Economies of scale: Because a mutual fund buys and sells large amounts of securities at a time, its transaction costs are lower than what an individual would pay for securities transactions.
Types of Mutual Funds in Pakistan
The mutual funds industry has introduced many attractive products in the last twelve years or so which are especially attractive for the small investors/ savers and it is precisely this sector which is most important for mutual funds to target and develop. Until the end of the 1990s the only categories of mutual funds in Pakistan were equity and balanced funds in both classes of mutual funds i.e. closed end and open end. Since then, the mutual fund industry introduced many new products suited to meeting the investment needs and risk appetite of a very broad cross section of the investing public such as Pension funds, Money Market Funds, Fund of Funds, Income Funds, Capital Protected/Preservation Funds, Index Tracker Funds, Commodities Funds and Income Funds for investment return to be paid monthly, quarterly or annually. In addition, the mutual funds industry also offers Shariah compliant funds under each of the categories mentioned above. These categories of funds cater to the needs of all type of investors, those who want to invest to supplement their current income and do not want to take risk and those who want to invest for long term growth and to meet their retirement needs.
The growth trend in these is as shown in the table below:


Therefore, an investor has a range of mutual funds to chose from for investment and investments should be made in a mix of funds keeping in consideration one's objectives of savings/investments which includes: Return needs, Risk Tolerance, Time horizon and Liquidity needs.
Way Forward
- Early resolution of Court cases and removal of tax anomalies
It is important for the mutual fund industry's survival and growth that the tax anomalies are removed and a conducive environment is present for the industry to do its proper role in the economy as it does internationally. Mutual Funds are the biggest savings avenue worldwide which unfortunately has not been the case over here in Pakistan.

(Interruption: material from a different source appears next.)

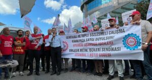 Hyundai Asansör’de örgütlü Birleşik Metal-İş Sendikası üyeleri, toplu sözleşme sürecine ilişkin taleplerini duyurmak amacıyla Kadıköy Yenisahra’daki Hyundai Elevator Genel Merkezi önünde basın açıklaması yaptı. Sendika, işverenin yıllar süren yargı sürecinin ardından kesinleşen yetkiye rağmen toplu sözleşme sürecinde uzlaşmaz bir tavır sergilediğini belirterek, “İşverenin dayattığı zam oranı değil, sıfır zamdır” açıklamasında bulundu.

While on hand Government is offering high returns on fixed rate Government instruments and schemes making it difficult for market return instruments such as mutual funds to compete, on the other hand it is also imposing double taxation and levies on the mutual funds that are not present on other investment avenues.
It is very clear that WWF is not applicable to mutual funds (also supported by the relevant Ministry of Labour) and yet the matter has been pending since June 2010. Similarly, double taxation on savings products like FED and the sales tax jurisdiction conflicts between SRB & PRA has only resulted in resources to be diverted to fight these in courts instead of being employed to expand and grow the savings rate in the country. A level playing field between mutual funds and other savings and investment avenues is must for mutual funds and pension funds industry to grow and promote savings and investments in the country which is currently at the lowest in the region. MUFAP understands the significance of the issue for investor and industry interest and is actively following up its resolution through the Courts and Government of Pakistan.
- Public Awareness and Education to Expand the Retail Investor Base
It is imperative for long term sustainable growth of the mutual funds industry that the retail investor base increases. Asset Management Industry vis-a-vis the Banking Sector presents a bleak picture, not only in terms of assets under management, but also with regard to participation and outreach to the general public. Currently, asset management companies are offering a diversified range of mutual and pension funds to meet the risk appetite of investors, yet the awareness in the masses is lacking of the options available to them. The industry's next focus must be on conducting a comprehensive and sustained public awareness campaigns to bring across to the attention of the individual investors, the diverse investment features and benefits that mutual funds and voluntary pension schemes offer to them. The Government and SECP are also required to facilitate asset managers to promote, educate and encourage investors to save.